Да. Так вот лежу я в гробу, а он (подлец) грустный надо мной роняет слезы и весь в тоске и раскаянии…
Надеюсь у Тамарки хватит сил притащить этого мерзавца на мои похороны. Думаю он будет сопротивляться, но Тамарка, если упрется, горы свернет.
Да, так вот, лежу я себе в гробу, безмолвная (ужас! это трудно представить!) бездыханная, отрешенная, а надо мной рыдают, страдают и, конечно же, раскаиваются…
Кстати, многим есть в чем. Уж не знаю, как мой уход из жизни переживет Буранов: в истоках романа он был непростительно скуп. А Тося? Столько гадостей она сделала мне… А Тамарка? Ведь она же всегда права. Подойдет к гробу и брякнет: «Мама, ты невозможная! Взяла и умерла. Только ты на это способна.» А баба Рая скажет: «Чего еще от нее ждать, от макитры.» А Маруся завопит: «Епэрэсэтэ! Старушка! Прямо вся взяла и умерла!» А Юля…"
— Стоп! — завопила я. — Какая Тося? Какая Тамарка? Какая баба Рая? Какая Маруся? И, уж тем более, Юля!
Меня бросило в дрожь от одной только мысли, что все они узнают о моем позоре. Даже баба Рая, которая живет под боком, и та не знает (пока), что мой муж меня бросил. И не надо ей знать, пусть думает, что угодно, только не это.
Уж баба Рая с радостью рассказала бы моим подругам сногсшибательную новость. Этих дурочек по сотне раз бросали мужчины, а я только насмехалась, потому что всегда всех бросала сама, и теперь пришла моя очередь. И это лишь первая ласточка. Да-да, мой возраст верная тому гарантия. Теперь пойдет-поедет, только держись.
Чем больше я думала над этим, тем тоскливее становилось. Дальнейшая жизнь теряла смысл. Зачем? Чтобы смотреть на то, как на лице появляются морщины, а мужчины воротят от меня нос?

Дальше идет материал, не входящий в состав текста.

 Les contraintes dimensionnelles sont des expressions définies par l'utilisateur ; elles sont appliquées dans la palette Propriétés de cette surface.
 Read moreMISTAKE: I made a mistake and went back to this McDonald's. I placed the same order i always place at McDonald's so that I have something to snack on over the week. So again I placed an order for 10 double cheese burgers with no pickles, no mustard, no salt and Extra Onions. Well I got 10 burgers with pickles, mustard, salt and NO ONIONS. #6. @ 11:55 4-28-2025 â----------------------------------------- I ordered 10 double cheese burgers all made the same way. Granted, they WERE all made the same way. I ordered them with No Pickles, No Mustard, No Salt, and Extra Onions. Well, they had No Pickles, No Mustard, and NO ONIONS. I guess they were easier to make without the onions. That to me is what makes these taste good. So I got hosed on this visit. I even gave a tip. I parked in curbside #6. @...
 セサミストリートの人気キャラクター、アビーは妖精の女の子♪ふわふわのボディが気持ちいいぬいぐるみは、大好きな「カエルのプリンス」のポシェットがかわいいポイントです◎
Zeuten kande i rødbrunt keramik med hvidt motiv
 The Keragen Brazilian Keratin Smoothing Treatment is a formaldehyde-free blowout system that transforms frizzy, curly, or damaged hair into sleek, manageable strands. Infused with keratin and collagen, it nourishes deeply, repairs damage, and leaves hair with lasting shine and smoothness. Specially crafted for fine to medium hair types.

А баба Рая? Как она стонет по утрам, когда встает с постели. То же будет и со мной, если вовремя не приму меры. Самоубийство, конечно, грех, но болячки и морщины ничем не лучше. У этой бедной бабы Раи буквально все болит, о чем она и говорит с утра до ночи. Один раз, болезная, проснулась здоровой и как в том анекдоте с ужасом завопила: «Я умерла!» «Да тьфу на тебя!» — говорю. «Нет, Сонька, пойди глянь, я жа ж по-моему умерла! Ничего жа ж не чувствую!»

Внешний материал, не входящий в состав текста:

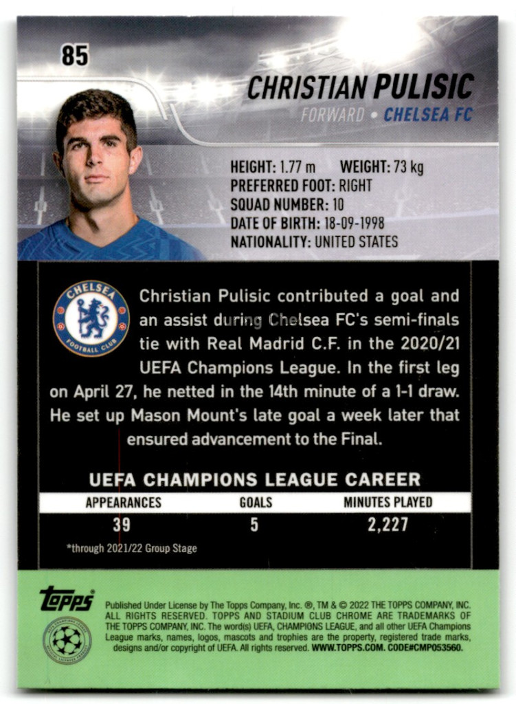 2021-22 Stadium Club Chrome UEFA Champions League #85 Christian Pulisic
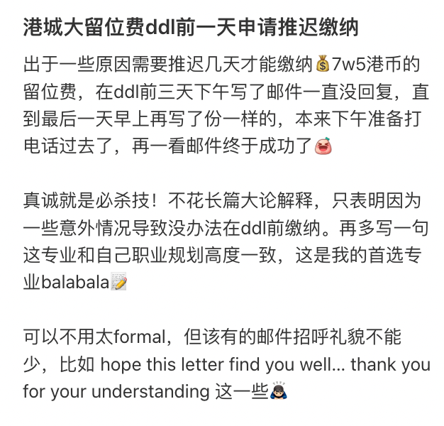 不要看到短短的ddl就认命!收到offer后,如果DDL实在太紧,而梦校还未有消息,第一时间写邮件向发放offer的学校申请延期支付留位费。这是最常规且有效的操作。
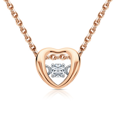 Подвеска с 1 бриллиантом природным, 0.04 карат, огранка круг 57 граней, цвет 3, чистота 6, тип огранки А; Розовое и белое золото 585 пробы.
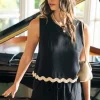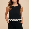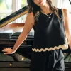 Ric Rac Trim Detailed Top & Shorts Set – Black
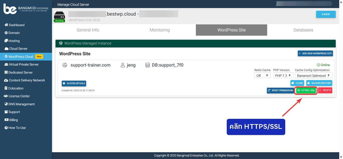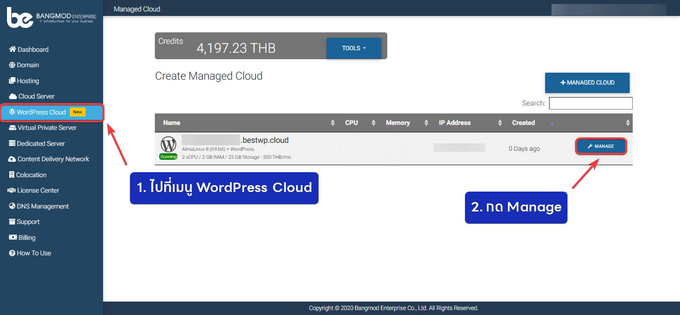 - เลือก WordPress Cloud ที่ต้องการเปิดใช้งาน SSL หลังจากนั้นกดปุ่ม MANAGE ที่เครื่องที่ต้องการจะติดตั้ง SSL

Разве это дело, до такого маразма доживать? Нет, это не по мне.
Короче, уход из жизни постепенно из мечты стал превращаться в назойливую необходимость. Ну конечно я должна умереть, если только не приспичит посмотреть на то, как радуются Тося, Маруся, Тамарка, Лариса, Юля и может быть даже Роза, хоть она и идеал.
Нет, подруги, конечно, будут меня утешать, даже подставят плечо, но я-то не могу не знать, что творится в глубинах их душ: там не обойдется без удовлетворения. У Тоси даже будет злорадство. Обязательно будет, уж такая она. А я гордая. Я этого не переживу!
Ноги сами понесли меня к мосту. Мрачные мысли о позоре подхлестывали, и я перешла на бег, спотыкаясь о кочки и путаясь в каком-то мокром сене. На сердце легла боль, в глазах застыли слезы, в голове замелькали ужасные картины, среди которых измена мужа была не самой страшной.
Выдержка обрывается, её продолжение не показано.